While all three judges on the panel joined Rao’s decision, Judge Greg Katsas issued a concurring opinion in which he said he viewed the privilege more narrowly than the other two judges on the panel, but that his narrower view of the Speech and Debate clause did not apply to “informal” fact-finding in question.

“The privilege claims asserted by Representative Perry are substantially overbroad. Many of the disputed records involve communications through which he sought to influence the conduct of officials outside the Congress—Executive Branch officials, state legislative officials, and campaign officials. Many other records involve press releases or media statements,” Katsas wrote, asserting that these were unprotected.

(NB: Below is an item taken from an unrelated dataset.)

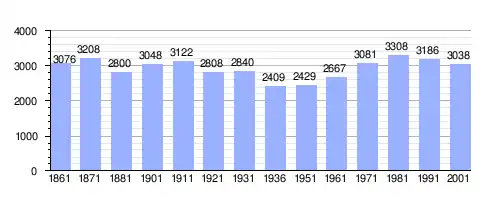 Gráfica de evolución demográfica de Bardonecchia entre 1861 y 2001 |

“But some of the disputed records involve nothing more than Representative Perry gathering information to inform upcoming votes. In my view, the Speech or Debate Clause protects that activity.”

Rao and Katsas were Trump nominees; the other judge on the panel, Karen LeCraft Henderson, was nominated by President George H.W. Bush. Howell was an Obama nominee.

The decision was described by Politico as “a setback for Smith and comes on top of more than a year of delay that investigators have encountered in seeking Perry’s records, but the ruling could also have significant impact any time the Justice Department seeks to investigate the actions of members of Congress.”

“It’s unclear whether Smith will appeal the decision to the full bench of the D.C. Circuit or to the Supreme Court. His office declined to comment, as it did last week when the court released an order broadly outlining the outcome of the fight,” Politico noted.

Perhaps most importantly, however, it comes as the special counsel’s office is experiencing what could be charitably termed a late-summer dry spell.

On Aug. 7, Judge Aileen Cannon, the Florida judge overseeing the Trump confidential information case, struck down two of Smith’s filings and demanded he explain “the legal propriety of using an out-of-district grand jury proceeding to continue to investigate and/or to seek post- indictment hearings on matters pertinent to the instant indicted matter in this district,” according to Axios.

Meanwhile, in a July 31 hearing, the special counsel’s team admitted to the court that it hadn’t turned over all pertinent evidence to Donald Trump’s defense lawyers despite previously avouching that they had.

The evidence was part of a superseding indictment filed on July 27 in which Smith’s office filed additional charges against Trump, claiming he instructed his team to delete security footage at his Mar-a-Lago estate prior to the August 2022 FBI raid there.

“On July 27, as part of the preparation for the superseding indictment coming later that day and the discovery production for Defendant De Oliveira, the Government learned that this footage had not been processed and uploaded to the platform established for the defense to view the subpoenaed footage,” the July 31 filing read.

“The Government’s representation at the July 18 hearing that all surveillance footage the Government had obtained pre-indictment had been produced was therefore incorrect.”

The prosecutors were required by law to upload the footage to an online platform where it could be viewed by the former president’s counsel.

In a statement after that legal faux pas came to light, Trump accused Smith of “prosecutorial misconduct.”